◆ Task goal ◆
Because the images are not wanted, restate every line below word for word without them.

◆ Supplied records ◆
Content starts

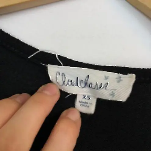 Cloud Chaser size XS extra small solid black v-neck knit with crochet embroidered semi sheer floral trim 65% polyester, 35% rayon; chiffon: 100% polyester no flaws found other than slightly pilly; small hole in armpit seam minor unnoticeable runs/snags possible Measurements as follows: Bust (laid flat): 17 in (Fits 34") Length: 25.5 in Inv #5903 ght
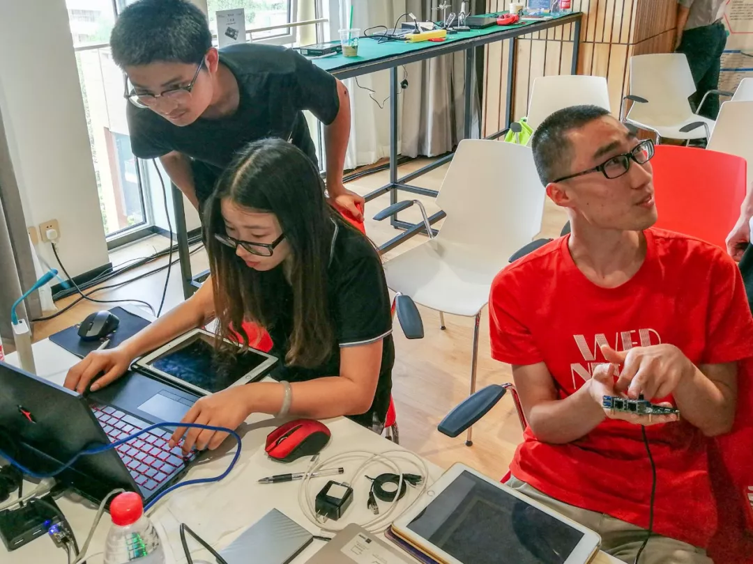 短暂的休息之后,是由英思杰.匠牛社区的产品经理王楠楠老师和郭崇禹老师对与会师生进行了开发环境搭建、软硬件的基本操作的讲解,并结合实际案例,对“工业派”的操作进行了演示,王楠楠老师和郭崇禹老师的讲解深入浅出,贯穿融会,在场师生聚精会神,心无旁骛。王楠楠老师和郭崇禹老师2个小时的讲解在与会师生的掌声中结束,在场的同学都茅塞顿开,收获满满。
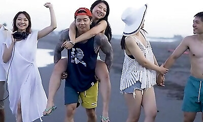 Group of insatiable Japanese folks throw a wild group sex fuckfest at the beach
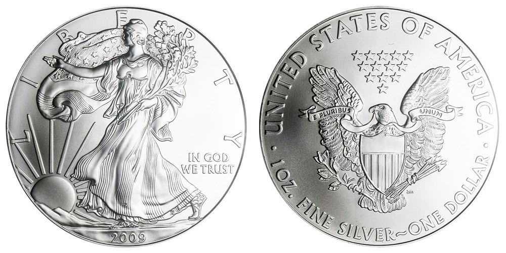 One 2009 American Silver Eagle.999 Fine Silver Dollar Coin.
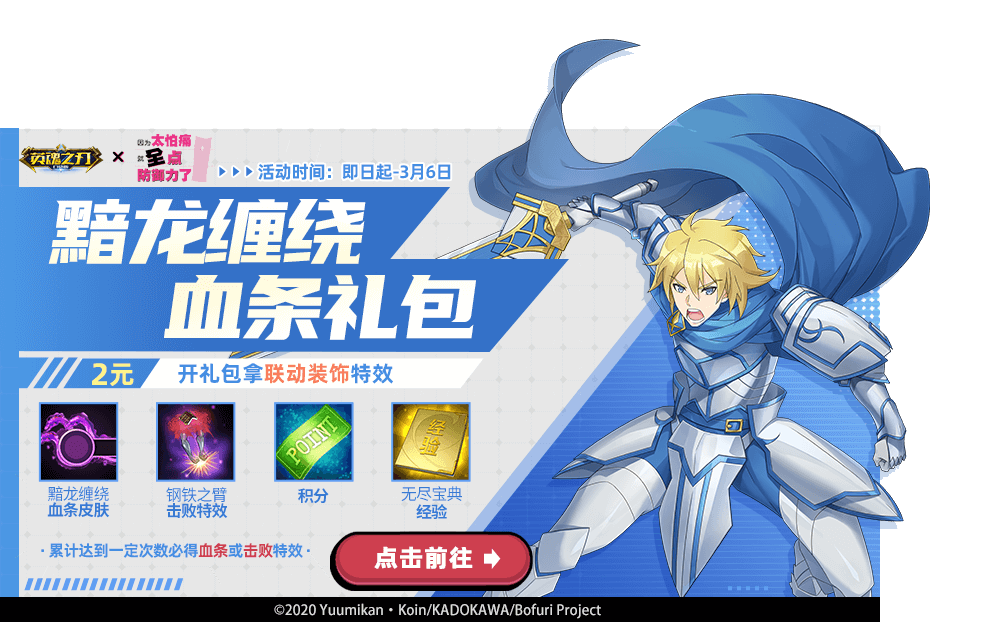 花费20点券可购买黯龙缠绕血条礼包,打开必得茶杯投影1天体验卡,并有机会获得黯龙缠绕血条皮肤、钢铁之臂击败特效、积分、无尽宝典经验等道具。礼包累计开启135次,必得联动血条击败自选包,打开自选以下奖励之一:黯龙缠绕血条皮肤、钢铁之臂击败特效。
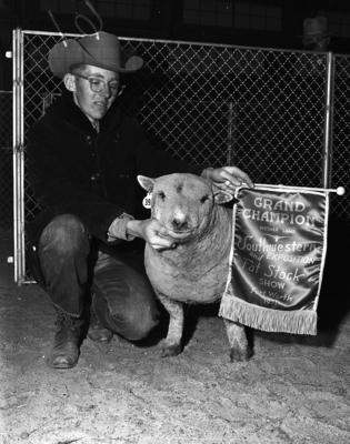 Dale Herring, 19, of Talpa, won the grand championship in the weather lamb class at the Southwestern Exposition and Fat Stock Show with this Southdown which also was champion of the boys' show. Published in Fort Worth Star-Telegram morning edition January 30, 1951.

Content ends

◆ Exercise response ◆
 Cloud Chaser size XS extra small solid black v-neck knit with crochet embroidered semi sheer floral trim 65% polyester, 35% rayon; chiffon: 100% polyester no flaws found other than slightly pilly; small hole in armpit seam minor unnoticeable runs/snags possible Measurements as follows: Bust (laid flat): 17 in (Fits 34") Length: 25.5 in Inv #5903 ght
 短暂的休息之后,是由英思杰.匠牛社区的产品经理王楠楠老师和郭崇禹老师对与会师生进行了开发环境搭建、软硬件的基本操作的讲解,并结合实际案例,对“工业派”的操作进行了演示,王楠楠老师和郭崇禹老师的讲解深入浅出,贯穿融会,在场师生聚精会神,心无旁骛。王楠楠老师和郭崇禹老师2个小时的讲解在与会师生的掌声中结束,在场的同学都茅塞顿开,收获满满。
 Group of insatiable Japanese folks throw a wild group sex fuckfest at the beach
 One 2009 American Silver Eagle.999 Fine Silver Dollar Coin.
 花费20点券可购买黯龙缠绕血条礼包,打开必得茶杯投影1天体验卡,并有机会获得黯龙缠绕血条皮肤、钢铁之臂击败特效、积分、无尽宝典经验等道具。礼包累计开启135次,必得联动血条击败自选包,打开自选以下奖励之一:黯龙缠绕血条皮肤、钢铁之臂击败特效。
 Dale Herring, 19, of Talpa, won the grand championship in the weather lamb class at the Southwestern Exposition and Fat Stock Show with this Southdown which also was champion of the boys' show. Published in Fort Worth Star-Telegram morning edition January 30, 1951.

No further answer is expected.